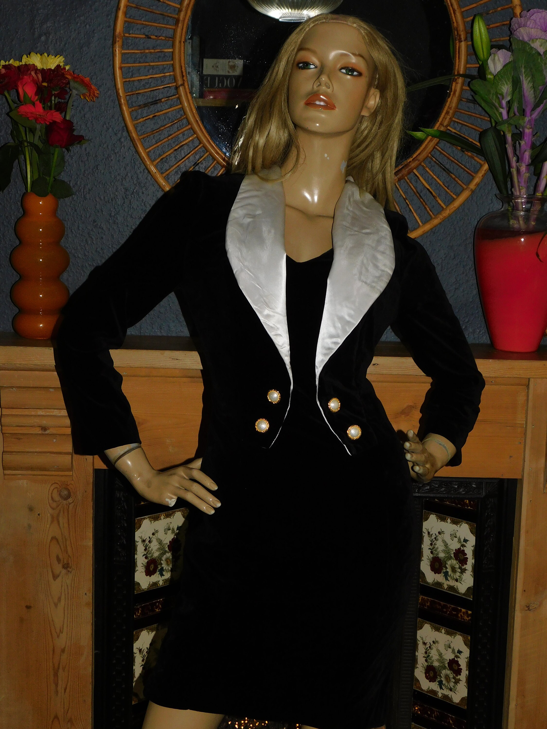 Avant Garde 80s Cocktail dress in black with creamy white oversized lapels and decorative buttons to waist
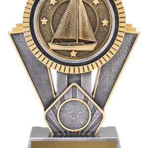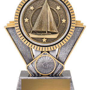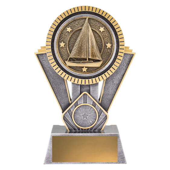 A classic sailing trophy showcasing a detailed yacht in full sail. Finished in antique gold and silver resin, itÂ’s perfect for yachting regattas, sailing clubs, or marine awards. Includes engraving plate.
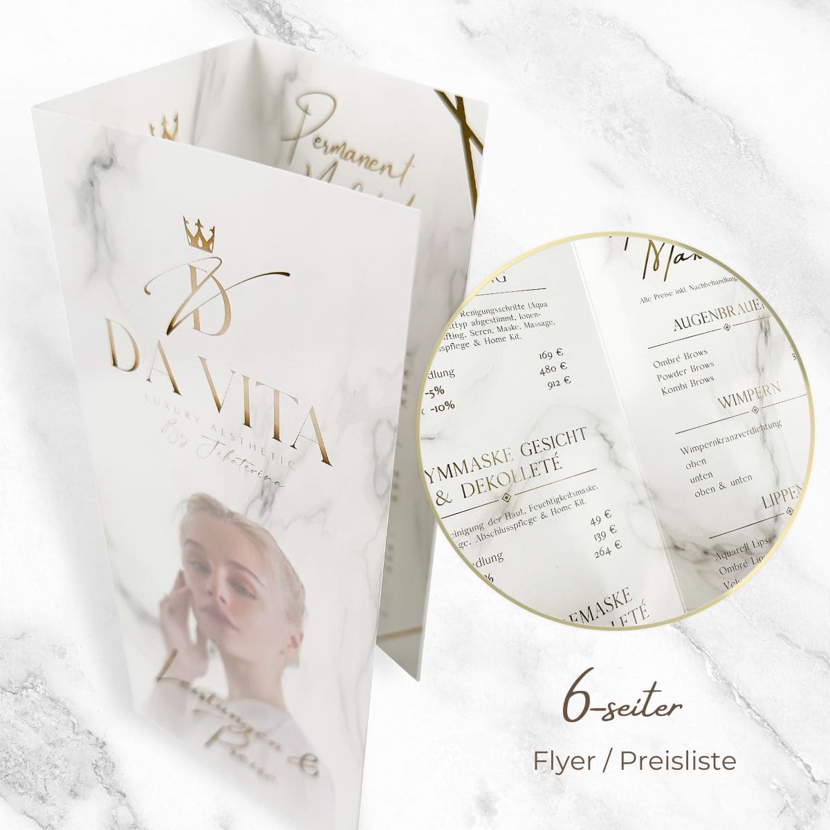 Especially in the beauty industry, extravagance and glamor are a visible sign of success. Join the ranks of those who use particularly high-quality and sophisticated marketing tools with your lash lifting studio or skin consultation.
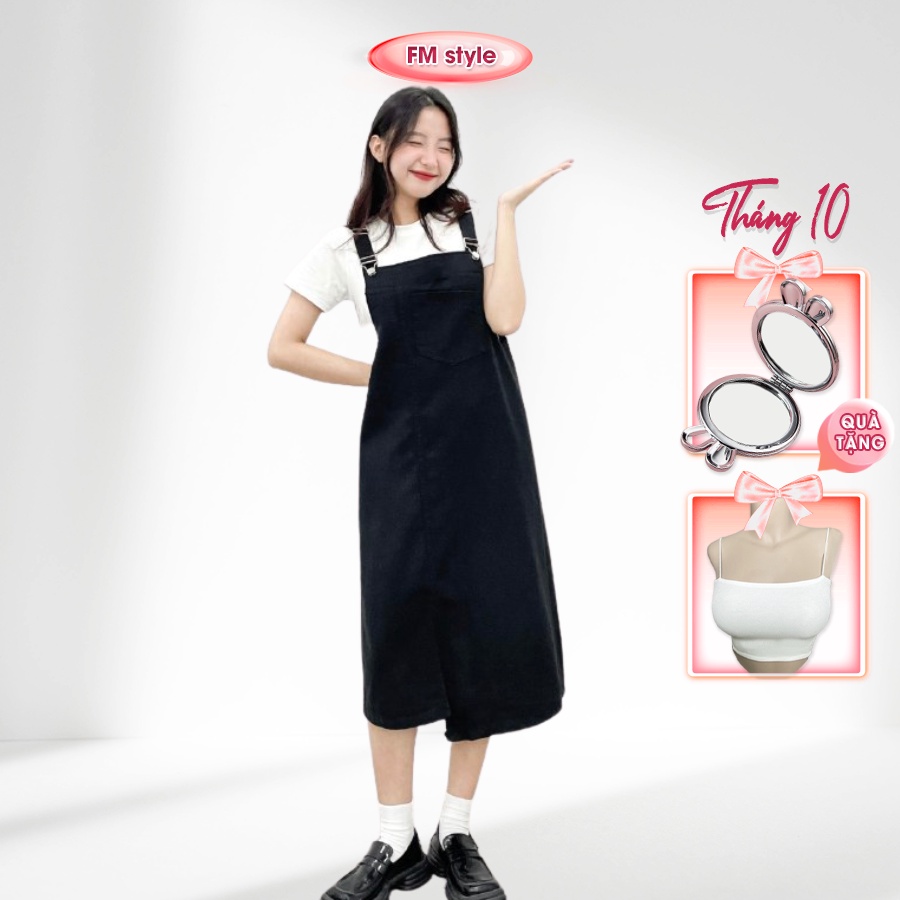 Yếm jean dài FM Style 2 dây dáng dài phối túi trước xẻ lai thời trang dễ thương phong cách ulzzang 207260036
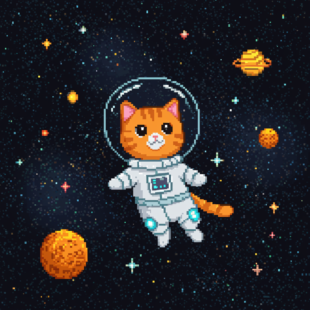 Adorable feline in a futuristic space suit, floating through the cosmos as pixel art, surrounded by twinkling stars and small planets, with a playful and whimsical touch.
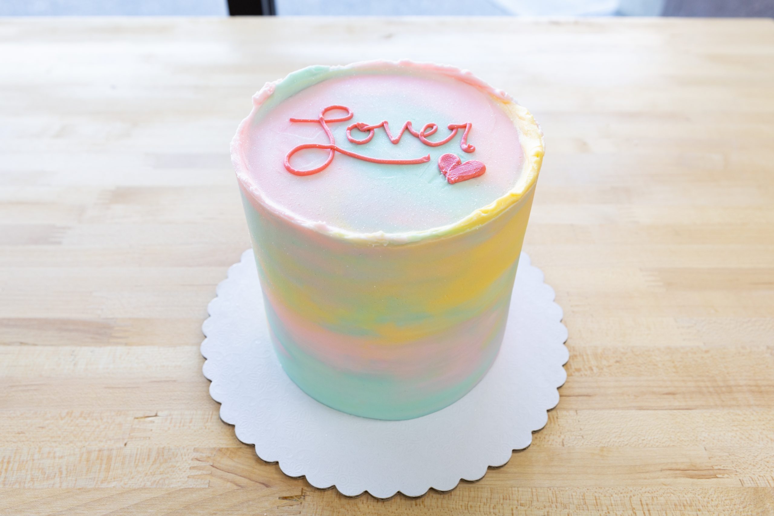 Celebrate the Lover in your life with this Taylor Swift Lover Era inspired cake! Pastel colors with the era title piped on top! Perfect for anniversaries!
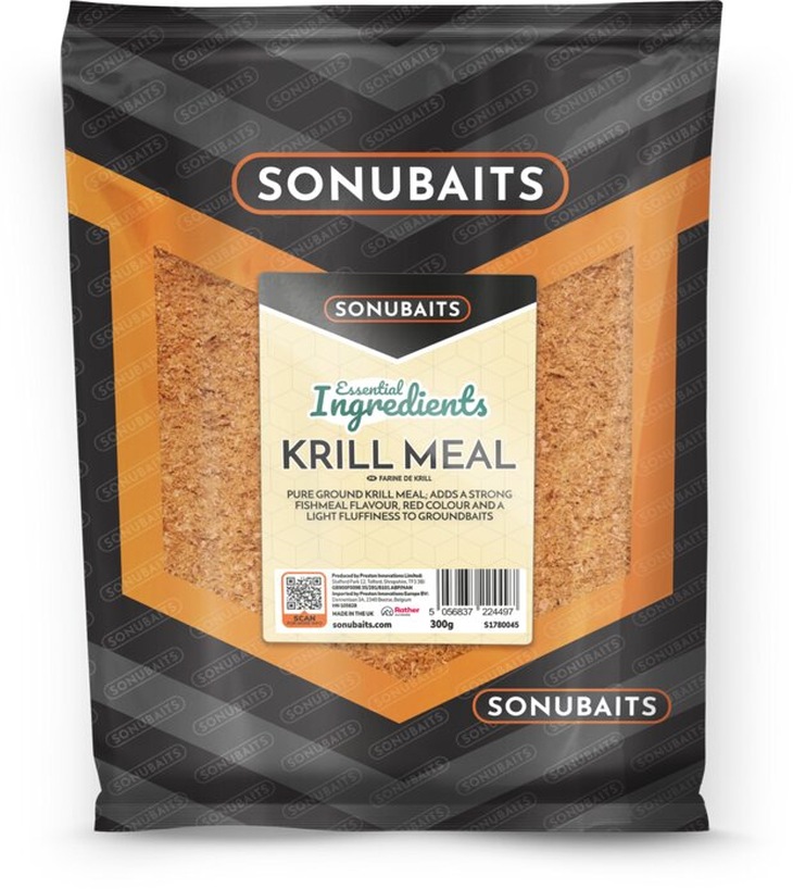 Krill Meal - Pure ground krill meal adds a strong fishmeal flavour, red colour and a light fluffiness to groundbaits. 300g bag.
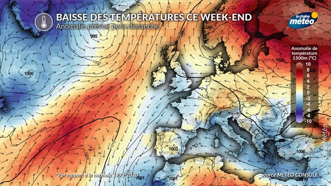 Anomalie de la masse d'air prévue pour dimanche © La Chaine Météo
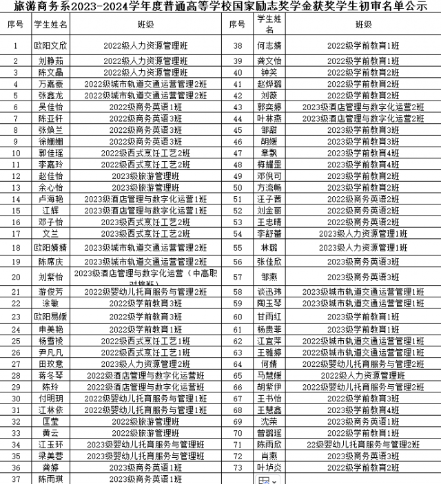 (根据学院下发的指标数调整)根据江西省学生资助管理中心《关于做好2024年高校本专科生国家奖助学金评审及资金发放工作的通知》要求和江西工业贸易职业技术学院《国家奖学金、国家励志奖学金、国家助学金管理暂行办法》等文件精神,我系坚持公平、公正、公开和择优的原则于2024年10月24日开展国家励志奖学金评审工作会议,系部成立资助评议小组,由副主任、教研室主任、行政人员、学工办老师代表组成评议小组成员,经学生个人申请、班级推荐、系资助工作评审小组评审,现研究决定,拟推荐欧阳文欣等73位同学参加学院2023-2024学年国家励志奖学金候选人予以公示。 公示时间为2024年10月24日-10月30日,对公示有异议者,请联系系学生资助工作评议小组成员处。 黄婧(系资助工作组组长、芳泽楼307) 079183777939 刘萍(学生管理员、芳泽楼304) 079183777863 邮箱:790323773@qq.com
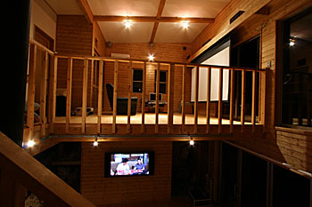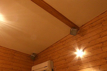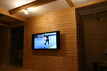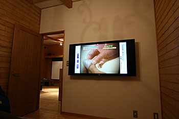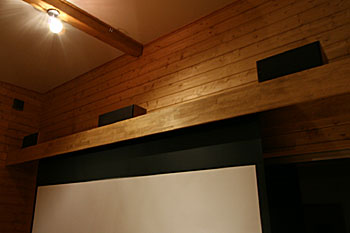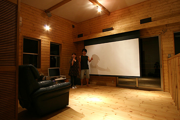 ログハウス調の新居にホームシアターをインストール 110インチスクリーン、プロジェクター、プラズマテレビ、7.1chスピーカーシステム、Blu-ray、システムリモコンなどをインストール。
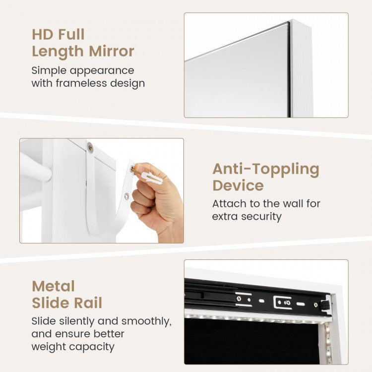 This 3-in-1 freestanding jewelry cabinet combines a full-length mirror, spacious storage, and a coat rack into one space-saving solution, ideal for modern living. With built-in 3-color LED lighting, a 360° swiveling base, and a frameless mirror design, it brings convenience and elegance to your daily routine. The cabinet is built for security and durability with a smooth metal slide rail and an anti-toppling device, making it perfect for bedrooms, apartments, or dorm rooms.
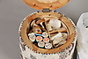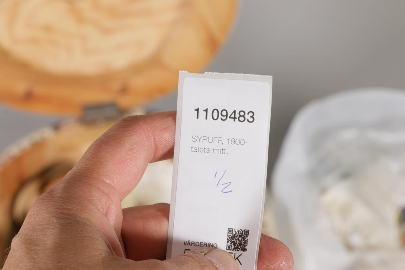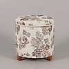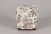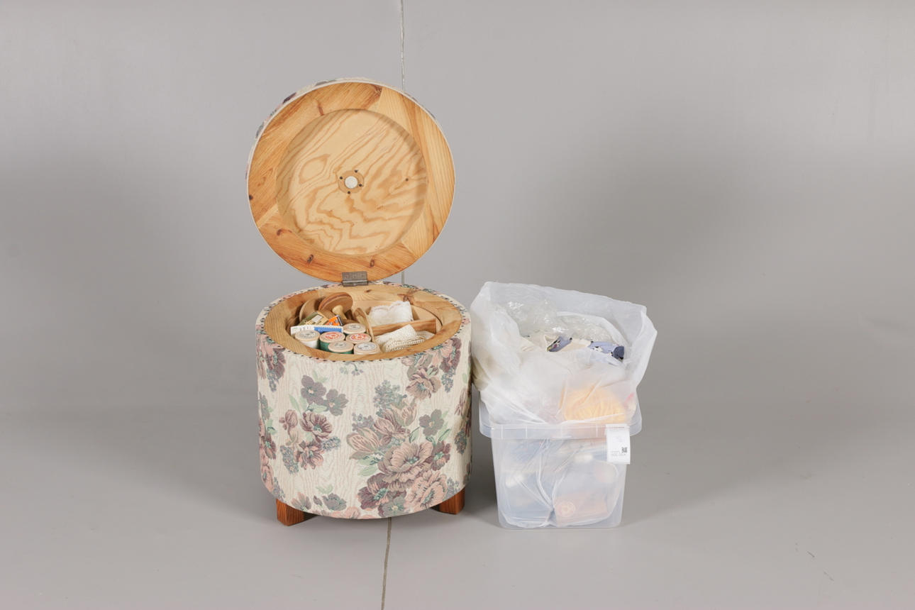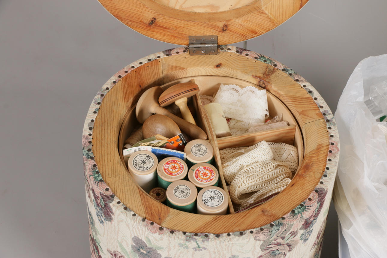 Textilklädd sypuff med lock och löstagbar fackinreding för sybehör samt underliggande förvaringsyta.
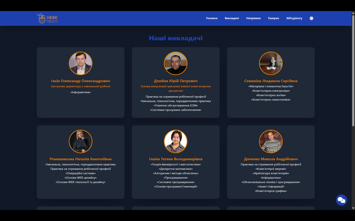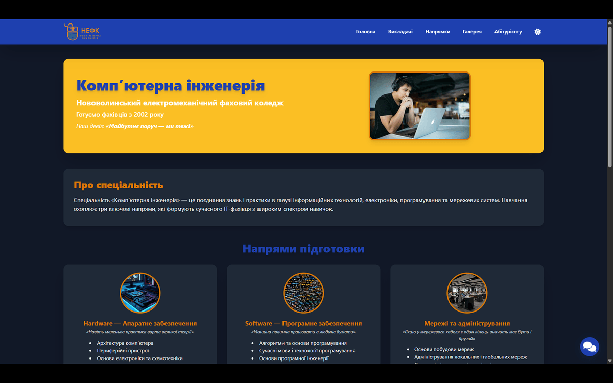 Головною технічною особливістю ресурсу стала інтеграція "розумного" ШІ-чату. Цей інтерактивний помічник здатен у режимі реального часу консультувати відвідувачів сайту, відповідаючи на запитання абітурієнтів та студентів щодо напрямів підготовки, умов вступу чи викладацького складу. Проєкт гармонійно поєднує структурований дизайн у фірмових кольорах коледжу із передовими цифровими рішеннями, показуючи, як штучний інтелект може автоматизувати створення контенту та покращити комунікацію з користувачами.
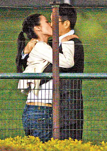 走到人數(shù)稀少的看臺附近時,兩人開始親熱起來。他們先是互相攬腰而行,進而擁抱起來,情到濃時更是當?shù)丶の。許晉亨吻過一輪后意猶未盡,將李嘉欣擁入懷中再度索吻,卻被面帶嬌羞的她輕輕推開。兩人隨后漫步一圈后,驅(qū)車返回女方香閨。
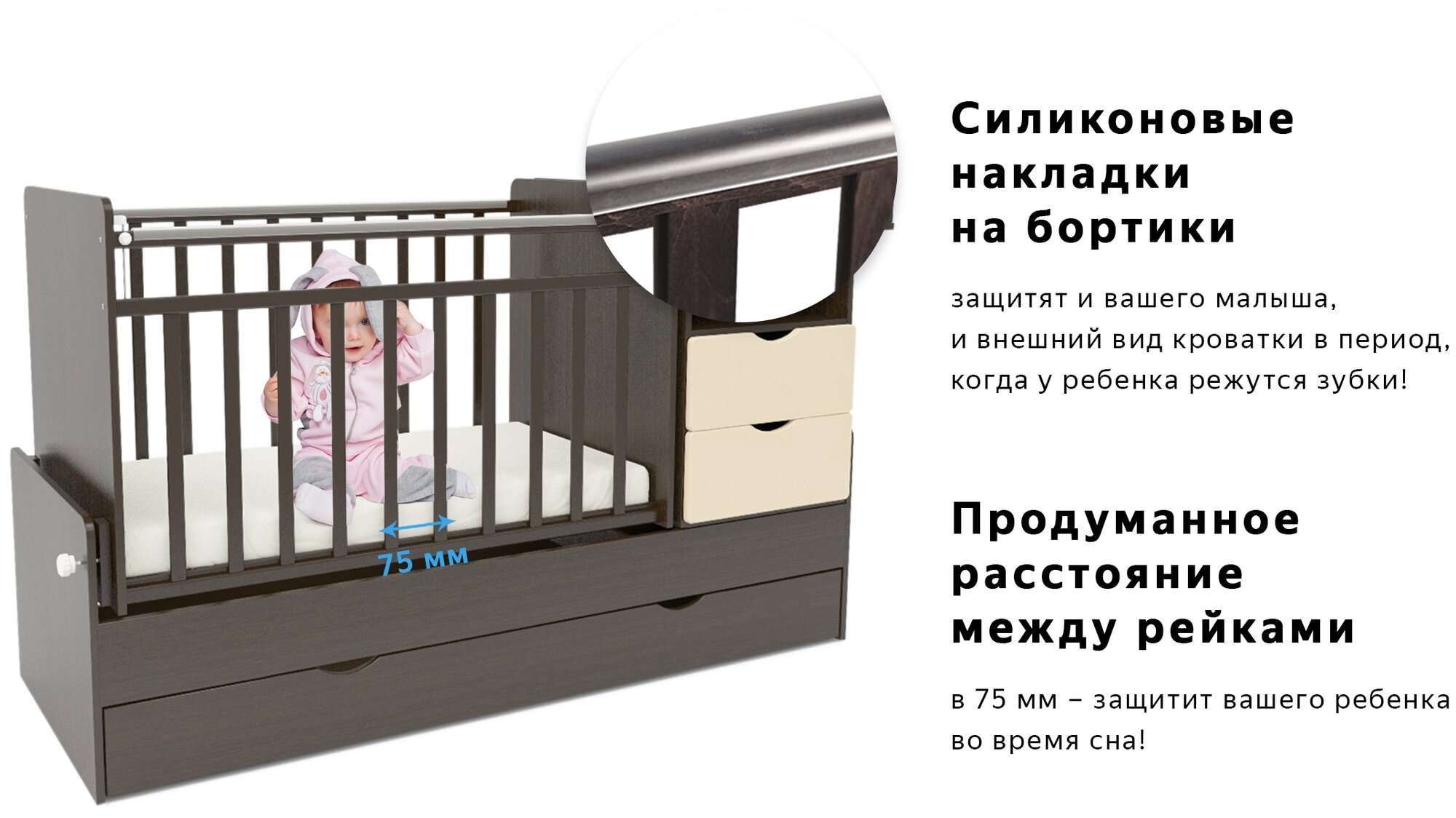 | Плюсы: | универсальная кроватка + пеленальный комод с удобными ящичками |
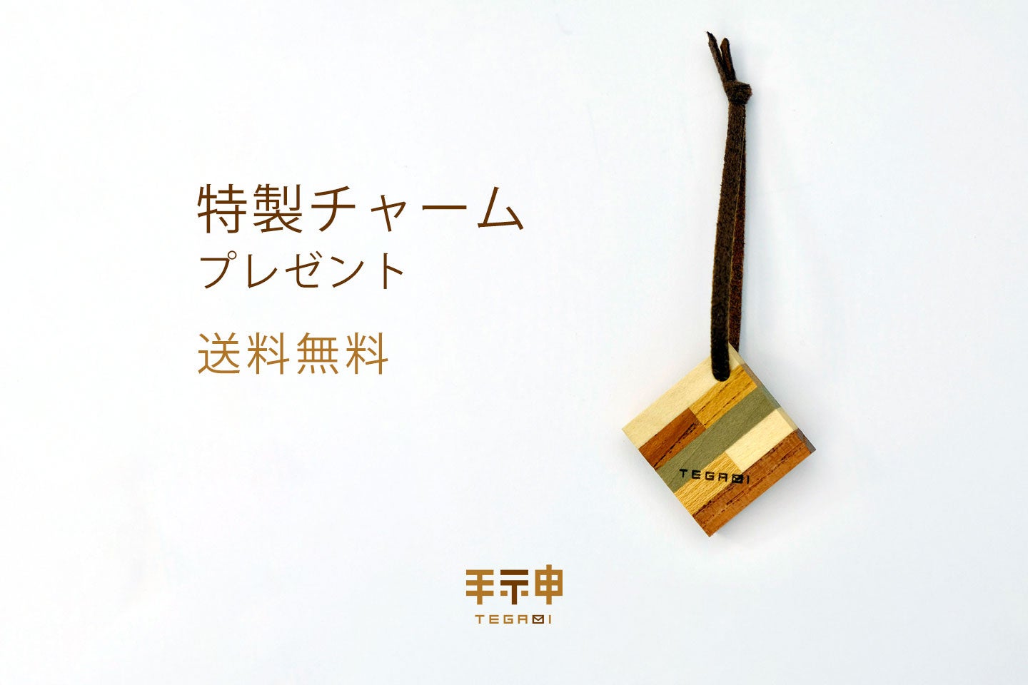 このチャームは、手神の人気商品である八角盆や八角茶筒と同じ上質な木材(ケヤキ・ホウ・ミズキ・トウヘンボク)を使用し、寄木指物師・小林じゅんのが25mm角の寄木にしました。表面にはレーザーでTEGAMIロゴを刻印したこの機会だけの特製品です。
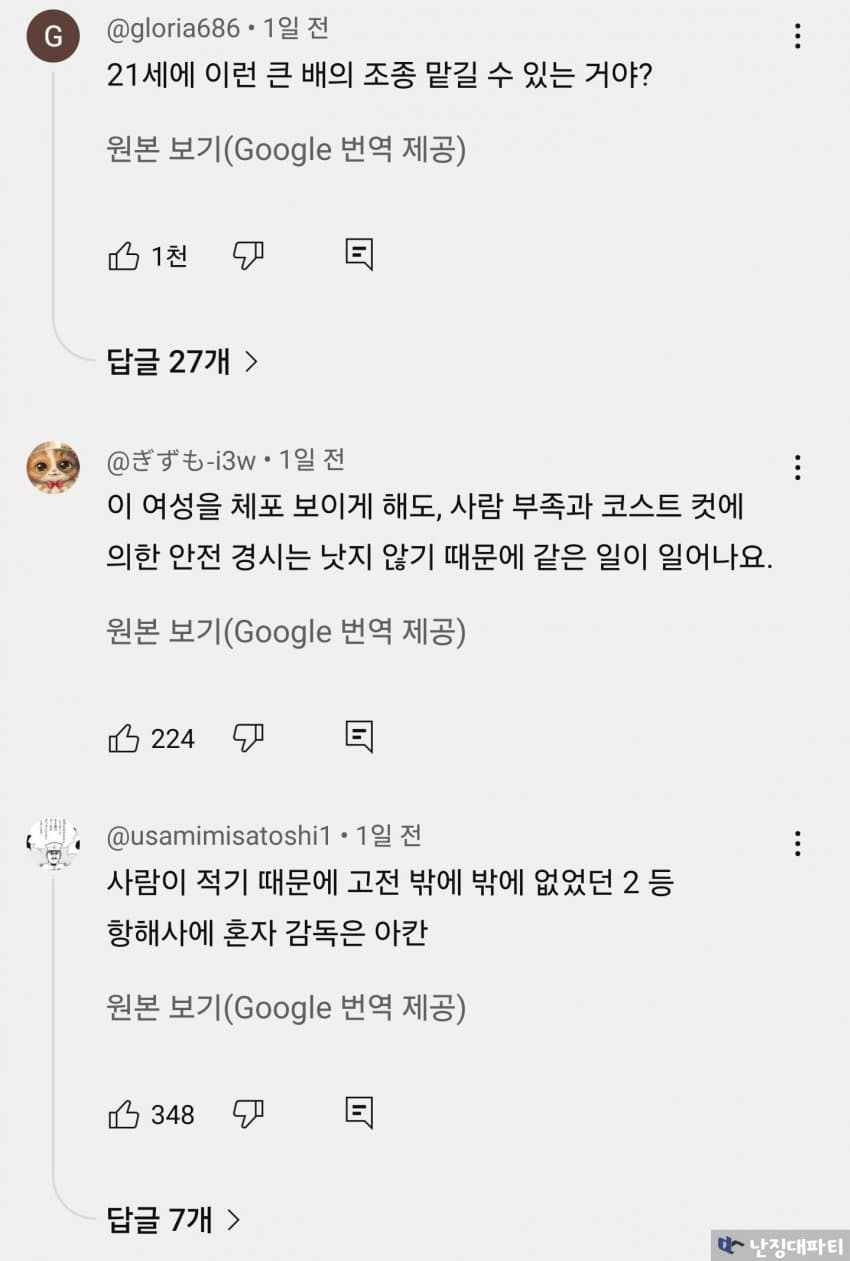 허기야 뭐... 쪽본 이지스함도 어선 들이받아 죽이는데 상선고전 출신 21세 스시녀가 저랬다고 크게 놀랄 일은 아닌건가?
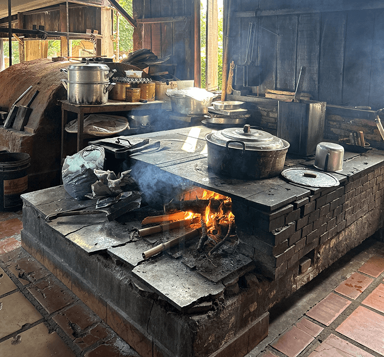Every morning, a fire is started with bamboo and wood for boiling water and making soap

####################

◆ TASK OBJECTIVE
A clean copy is needed of the lines in the listing above from the one with "A classic sailing" through the one with "Adorable feline in", exact in every word and free of pictures.

◆ TASK RESPONSE
 A classic sailing trophy showcasing a detailed yacht in full sail. Finished in antique gold and silver resin, itÂ’s perfect for yachting regattas, sailing clubs, or marine awards. Includes engraving plate.
 Especially in the beauty industry, extravagance and glamor are a visible sign of success. Join the ranks of those who use particularly high-quality and sophisticated marketing tools with your lash lifting studio or skin consultation.
 Yếm jean dài FM Style 2 dây dáng dài phối túi trước xẻ lai thời trang dễ thương phong cách ulzzang 207260036
 Adorable feline in a futuristic space suit, floating through the cosmos as pixel art, surrounded by twinkling stars and small planets, with a playful and whimsical touch.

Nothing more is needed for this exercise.